Jakarta, CNBC Indonesia – The rupiah was strong against the United States (US) dollar this week, although it was corrected last Wednesday. The rupiah has successfully posted a 3 week strengthening in a row. In addition to the slumping US dollar, there was “assistance” from the International Monetary Fund (IMF) and its former bosses that made the rupiah strong.
Launching data from Refintiv, today’s rupiah opened trading stagnant at Rp 14,250/US$. Not having time to feel the red zone, the rupiah continued to advance until it penetrated Rp. 14,190/US$ or strengthened 0.42%.
At the end of trading, the strengthening of the rupiah was trimmed to RP 14,200/US$ or 0.35%. However, this level is the strongest closing trade since June 11.
Throughout this week, the rupiah managed to record a 0.42% strengthening, after last week’s surge of more than 1%.
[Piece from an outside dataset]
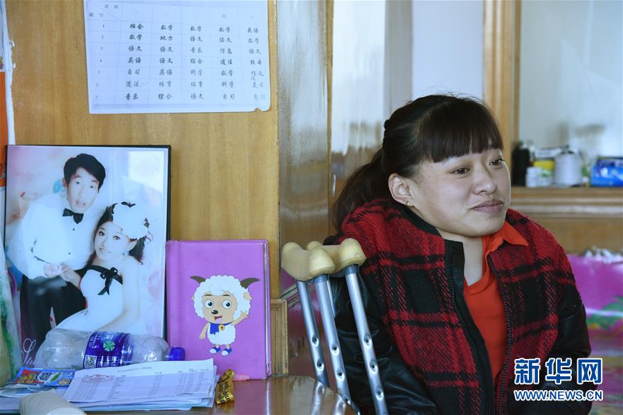 这是乔福军的妻子刘宇佳,她患先天性软骨病,腿骨极易骨折,行动离不开拐杖(3月26日摄)。新华社记者韩宇摄
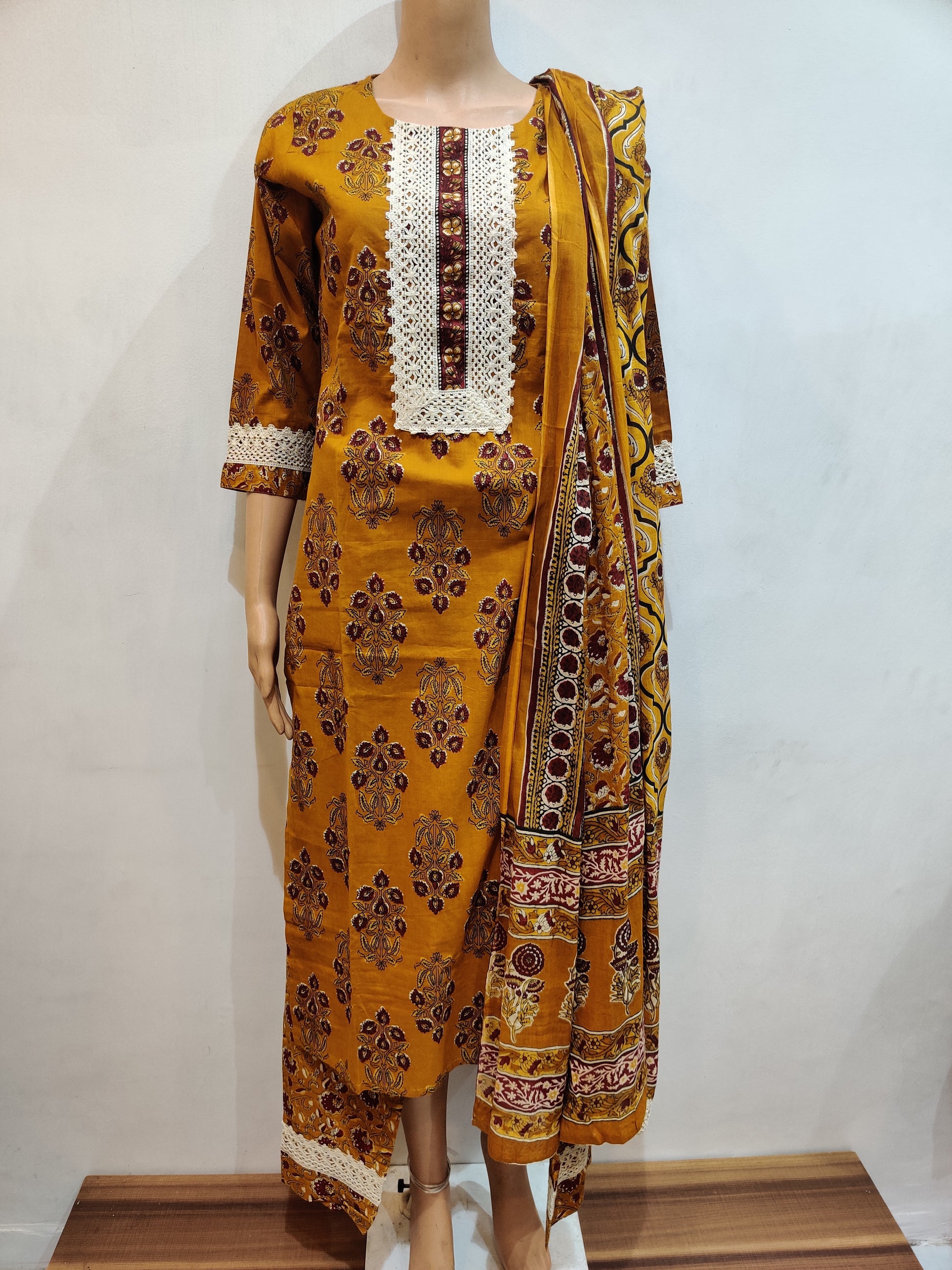 The block printing technique involves carefully carving intricate patterns onto wooden blocks and meticulously stamping them onto the fabric using natural dyes. This age-old craft, passed down through generations, lends incredible depth and character to the textile. The embroidered neckline and borders further elevate the artisanal quality of this elegant ensemble, reflecting the skilled handiwork of master artisans dedicated to preserving India's textile heritage.

The weak US dollar was the main trigger for the strengthening of Garuda’s currency. The US dollar was under pressure after the release of disappointing employment data for Uncle Sam’s country.
The US Department of Labor on Friday last week reported employment outside the agricultural sector (non-farm payrolls/NFP) August reported 235,000 people, well below the Reuters survey of economists median of 728,000.
The release strengthens expectations that the central bank (US) The Fed will only tapering at the end of this year, and does not rule out the possibility of retreating early next year if the next NFP data released early next month is also bad.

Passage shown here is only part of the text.